Meta, hell-bent on catching up to its rivals in the generative AI space, is spending thousands of millions in their own AI efforts. A part of those billions goes to recruit AI researchers. But an even bigger chunk is being spent on hardware development, specifically chips to run and train Meta’s AI models.
Goal sleepless the latest fruit of its chip development efforts today, notably a day after Intel Announced its latest AI accelerator hardware. Called the “next-generation” Meta Training and Inference Accelerator (MTIA), the successor to last year’s MTIA v1, the chip runs models that include ranking and recommending display ads on Meta properties (e.g., Facebook).

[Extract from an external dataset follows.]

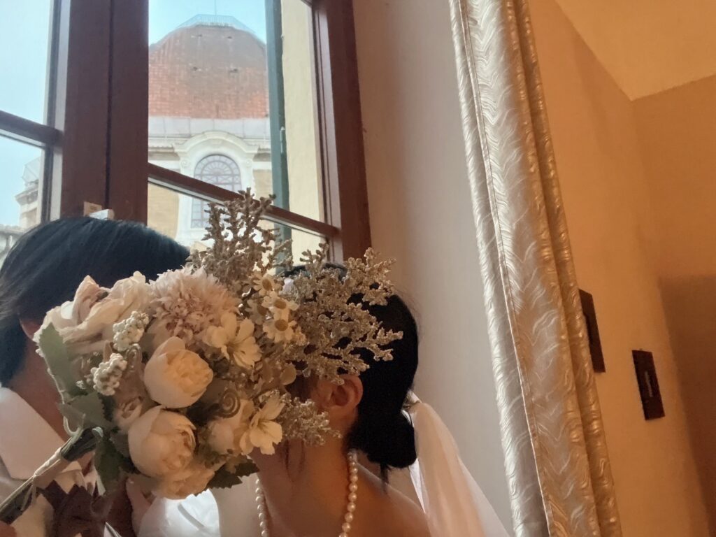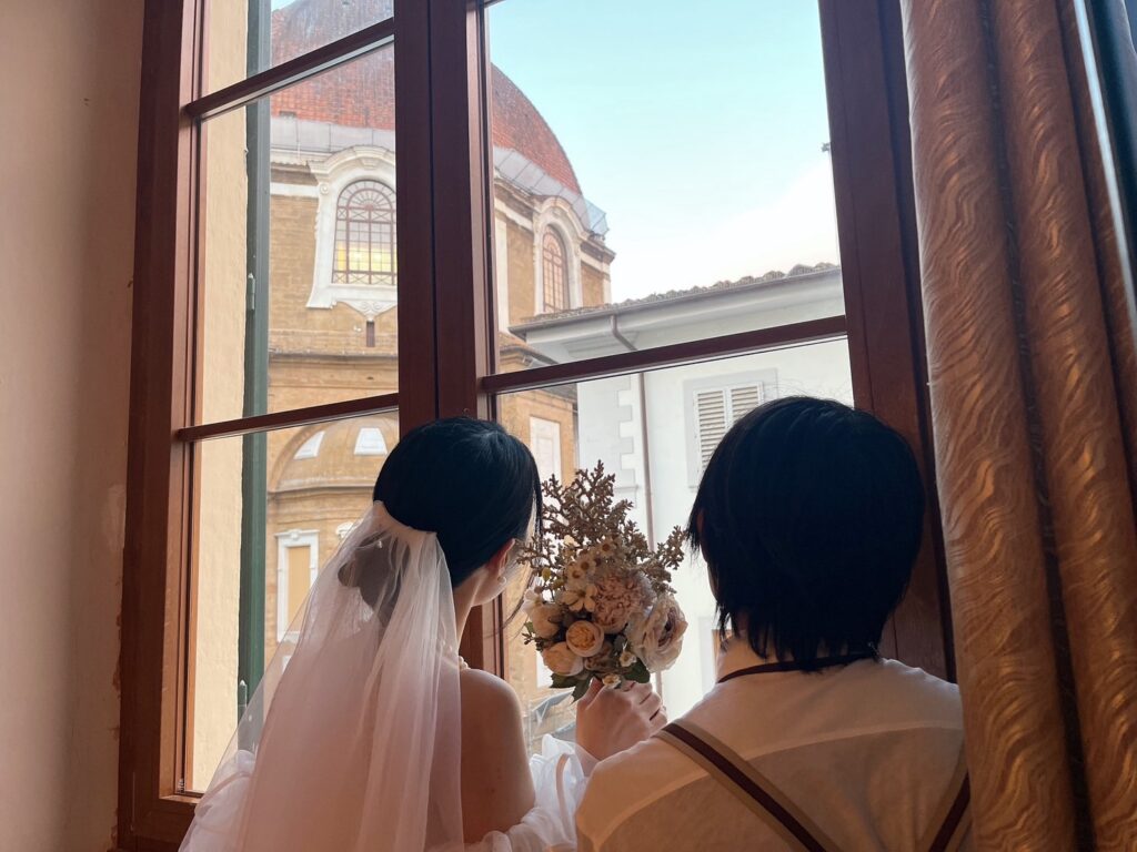 窓からの景色が綺麗だったので持ってきたドレスを着て、ウエディングフォトを自分たちで撮りました。

Compared to MTIA v1, which was built on a 7nm process, the next-generation MTIA is 5nm. (In chip manufacturing, “process” refers to the size of the smallest component that can be built on the chip.) The next-generation MTIA has a physically larger design, equipped with more processing cores than its predecessor. And while it consumes more power (90W vs. 25W), it also has more internal memory (128MB vs. 64MB) and runs at a higher average clock speed (1.35GHz vs. 800MHz).
Meta says the next-generation MTIA is currently available in 16 of its data center regions and offers up to 3x better overall performance compared to MTIA v1. If that “3x” statement sounds a little vague, you’re not wrong: we think so too. But Meta simply said the figure came from testing the performance of “four key models” on both chips.
“Because we control the entire stack, we can achieve greater efficiency compared to commercially available GPUs,” Meta writes in a blog post shared with TechCrunch.
Meta’s hardware showcase, which comes just 24 hours after a press conference about the company’s various ongoing generative AI initiatives, is unusual for several reasons.
One, Meta reveals in the blog entry It is not using the next-generation MTIA for generative AI training workloads at this time, although the company says it has “several programs underway” exploring this. Second, Meta admits that next-generation MTIA will not replace GPUs for running or training models, but rather complement them.
Reading between the lines, Meta moves slowly, perhaps slower than he would like.
Meta’s AI teams are almost certainly under pressure to reduce costs. The company is willing to spend a My dear $18 billion by the end of 2024 on GPUs to train and run generative AI models, and with training costs for cutting-edge generative models running into the tens of millions of dollars, in-house hardware presents an attractive alternative.
And while Meta’s hardware drags, I suspect rivals are gaining the upper hand, much to the dismay of Meta’s leadership.
This week, Google made its fifth-generation custom chip for training AI models, TPU v5p, generally available to Google Cloud customers, and revealed its first dedicated chip for running models, Axion. Amazon has several families of custom AI chips under its belt. And last year, Microsoft jumped into the fray with the Azure Maia AI accelerator and Azure Cobalt 100 CPU.
In it blog entryMeta says it took less than nine months to “go from first silicon to production models” of the next-generation MTIA, which to be fair is shorter than the typical window between Google’s TPUs. But Meta has a lot of catching up to do if it hopes to achieve some independence from third-party GPUs and keep up with its stiff competition.